THE PROBLEM -
Skip all pictures; return exactly the lines from the one containing "This paper constructs" through the end of the data.

Dataset records
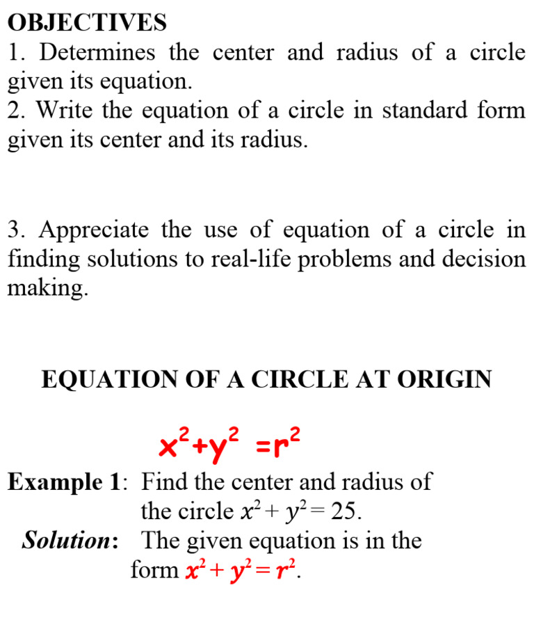 1. A circle defined by 𝑥 + 𝑦 = 9 has a graph whose center is at
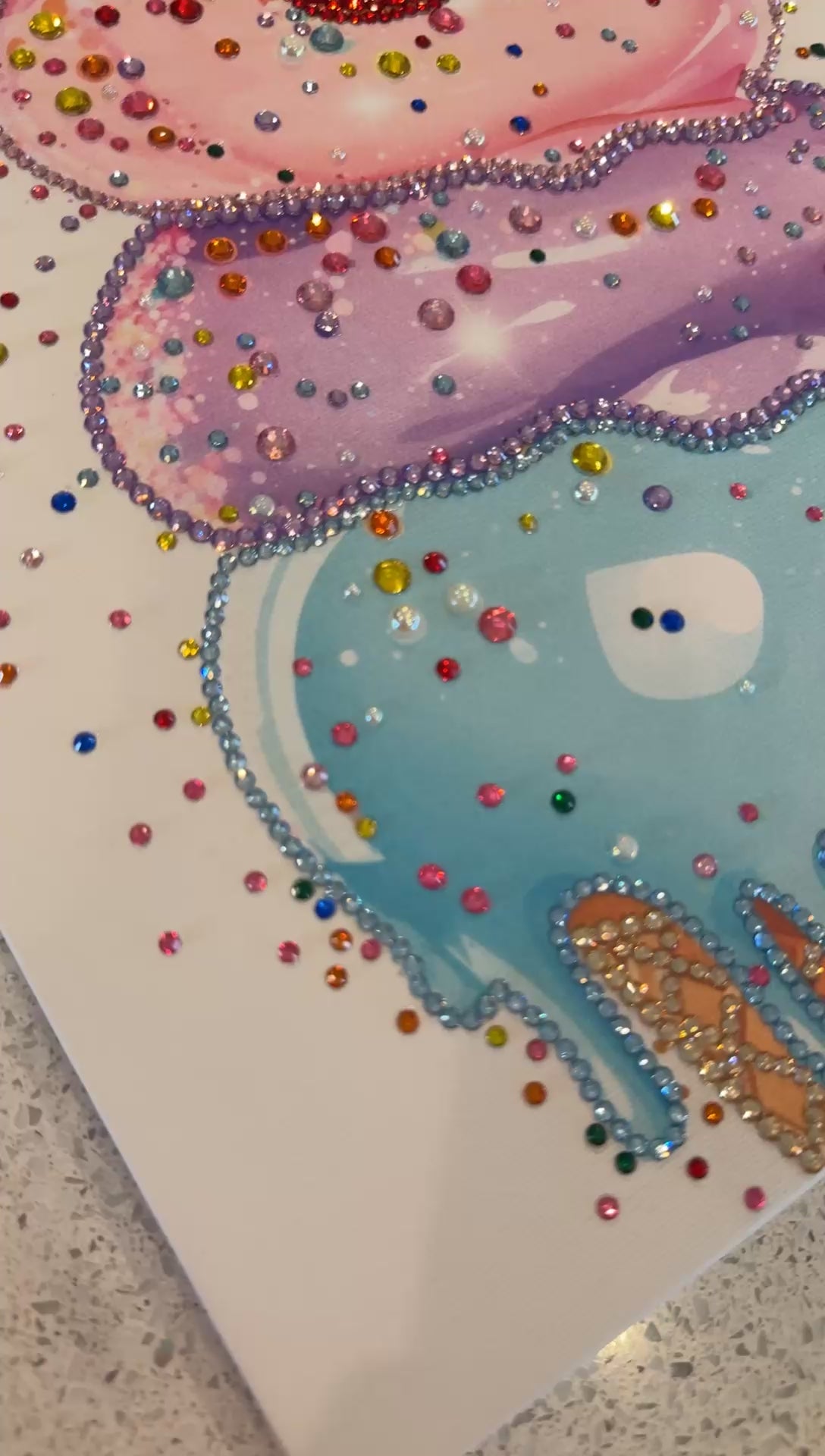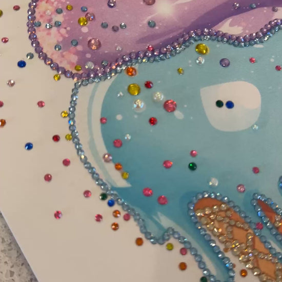 Designed with a mix of vibrant glass stones in multiple sizes, every section adds a new layer of shine—from the smooth outlines to the scattered sparkle throughout. It’s creative, a little whimsical, and guaranteed to stand out when finished.
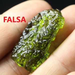 Há bastantes Moldavitas falsas online, a diferença é aparente, a Moldavita falsa é geralmente da cor dos frascos verdes derretidos, comparáveis à cor de uma garrafa de cerveja verde, com uma aparência homogénea similar à da gelatina.
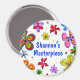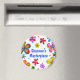 Kid’s artwork magnet for the fridge. Personalise with her name and use to hold special drawings or schoolwork. Bright and colourful hand-drawn flowers surround a text template in the centre. Magnets come as round or square.
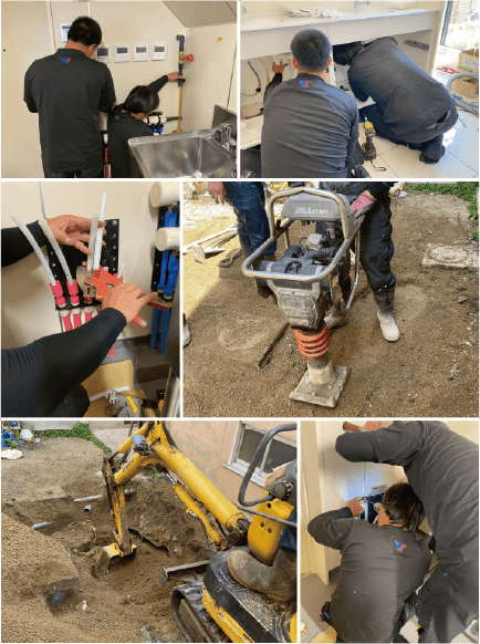 大規模な施設の給排水設備 、個人住宅の水漏れ、トイレつまり、下水切替、新築、リフォームまで業務はさまざまな建物のインフラを支える仕事です
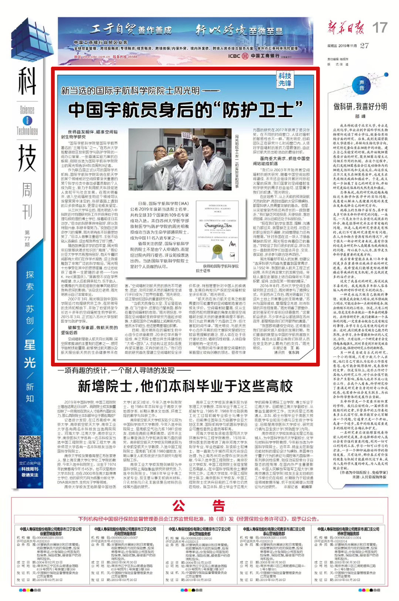 日前,国际宇航科学院(IAA)公布2019年度新当选院士名单,共有全球33个国家的109名专家成功入选。来自苏州大学医学部放射医学与防护学院的周光明教授成功当选为生命学部通讯院士,成为中国11名入选专家之一。
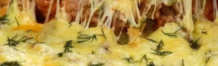 Here is a delicious baked meat & cheese casserole recipe inspired by your photo — juicy meat, rich sauce, and lots of melted cheese with dill on top.
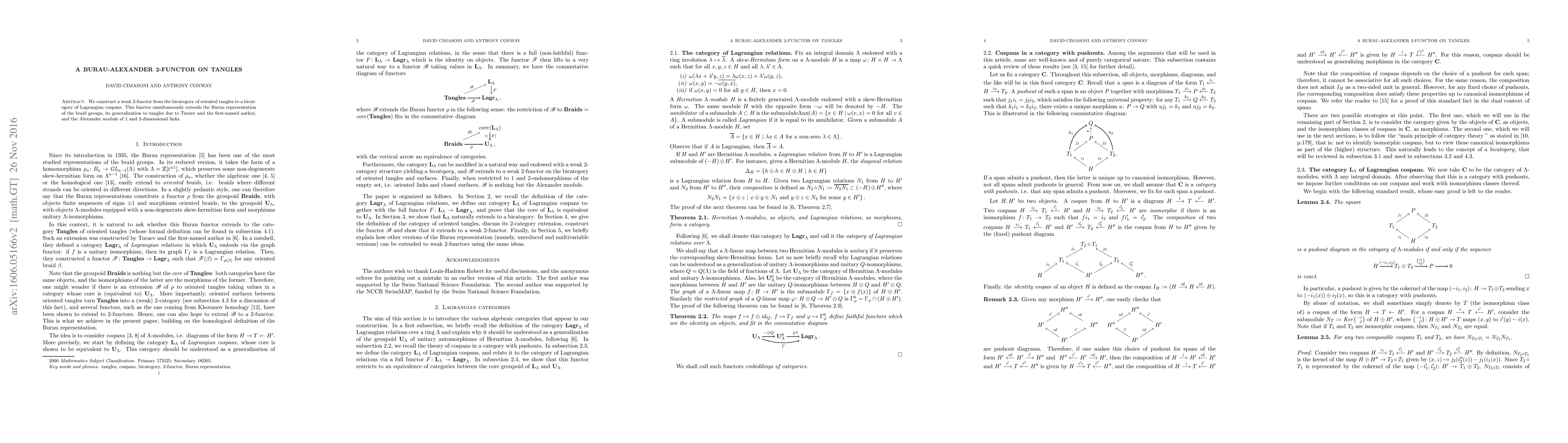 This paper constructs a weak 2-functor linking the bicategory of oriented tangles to one of Lagrangian cospans, extending the Burau representation of braid groups and Turaev's tangle generalization, alongside the Alexander module for links.
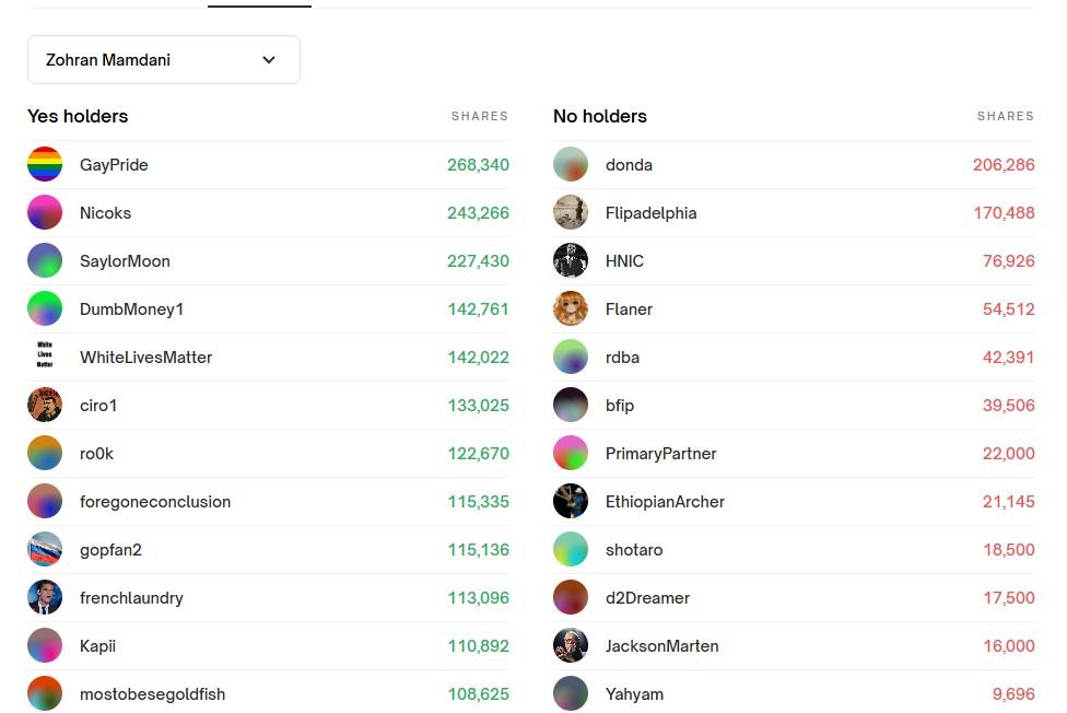 Backing Mamdani is GayPride, another high-profile trader with a strong track record in electoral markets. With 268,000 YES shares, he’s leading the charge alongside names like Nicoks, SaylorMoon, and WhiteLivesMatter, all of whom have placed major positions on Mamdani’s side.

THE ANSWER -
 This paper constructs a weak 2-functor linking the bicategory of oriented tangles to one of Lagrangian cospans, extending the Burau representation of braid groups and Turaev's tangle generalization, alongside the Alexander module for links.
 Backing Mamdani is GayPride, another high-profile trader with a strong track record in electoral markets. With 268,000 YES shares, he’s leading the charge alongside names like Nicoks, SaylorMoon, and WhiteLivesMatter, all of whom have placed major positions on Mamdani’s side.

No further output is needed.